Experts agree that a Mediterranean-style diet provides many health benefits, including a reduced risk of chronic disease and greater longevity. A traditional Mediterranean diet includes vegetables, fruits, whole grains, nuts and seeds, olive oil and—you guessed it—seafood. Fish and shellfish are rich in protein and heart-healthy omega-3s, which are linked to brain and heart health.
The Mediterranean-style diet is recommended by the 2015 Dietary Guidelines for Americans. This protein-rich eating pattern focuses on limiting the intake of processed foods, while ensuring adequate servings of seafood like cod, tilapia and crab to promote optimal health and long life. Here are some tips to help you incorporate the Mediterranean diet with seafood:
- Limit extra salt when preparing your favorite seafood dish. The Mediterranean diet relies heavily on the use of herbs and other seasonings to enhance the mouthwatering, natural flavors of seafood.
- Serve your seafood with vegetables. Delicious seafood pairs perfectly with seasonal vegetables for a simple and easy-to-prepare meal.
- Swap out butter for olive oil atop your seafood. The Mediterranean-style diet focuses on healthy alternatives to heavier sauces.
- Pair your seafood with whole grain pasta or brown rice. Whole grains add dietary fiber, B vitamins and other important nutrients to an already-nutritious seafood dinner.
The delicious seafood recipes in this month’s meal plan illustrate just how easy it is to put these simple tips and tricks to practice. We have so many ways you can go Mediterranean—short of moving to Italy, Greece or the south of France, to make this diet a part of your lifestyle (but wouldn’t that be fun?).
Breakfast: Cast Iron Smoked Salmon Hash
How about a new twist on a breakfast hash with salmon? Its smoky, deep flavor is a perfect way to start the morning.
Breakfast: Lobster Frittata
Ah – lobster! Who doesn’t love its tender, delectable chunks? Baked with eggs, Swiss cheese, zucchini, and sweet leeks, lobster dresses up a frittata for a wonderful, indulgent breakfast.
Brunch: Oyster Shooter
Start your brunch with this shellfish surprise – a spicy cocktail that comes with drinking directions.

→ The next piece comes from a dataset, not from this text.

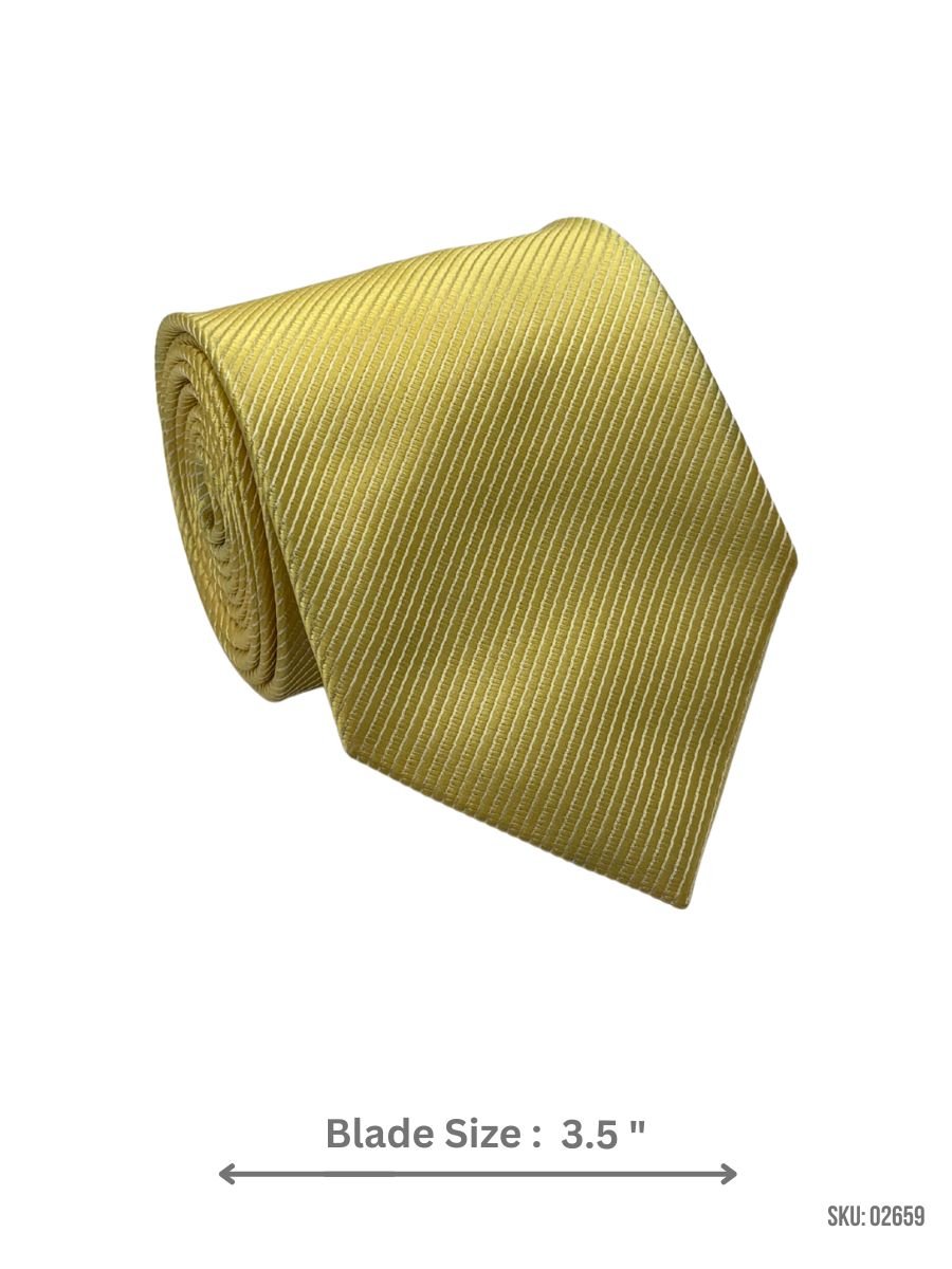 This elegant light yellow tie with a subtle textured pattern adds a sophisticated and fresh touch to your business or formal attire.

Lunch: Baked Mediterranean Salad Bowl
Absolutely everything for the perfect Mediterranean lunch is here: salmon, olives, grains, and more – drizzled lightly with olive oil and crumbled feta cheese over a medley of oven-roasted vegetables.
Lunch: Grilled Shrimp and Watermelon Chopped Salad
Light and refreshing, this whole-meal salad pairs the grilled goodness of shrimp with the sweetness of watermelon. Enjoy it all summer long!
Dinner: Grilled Scallops Skewers with Ruby Red Grapefruit and Chile Glaze
Grilled scallops are quick and delicious to make. But just wait until you pair them with grilled grapefruit slices – all drizzled with a tangy glaze!
Dinner: Mediterranean Baked Fish with Artichokes and Olives
You’ll feel like you’re dining by the Mediterranean Sea with this easy-to-prepare dinner … light, delicate white fish smothered with tomato sauce and topped with flavor mates like artichoke hearts and feta cheese.
Dinner: Mediterranean Crab and Couscous Stuffed with Mushrooms
For a stunningly simple dinner, combine flavorful Mediterranean ingredients – lump crabmeat, veggies, and cheeses – place them atop Portobello mushrooms, and grill to perfection.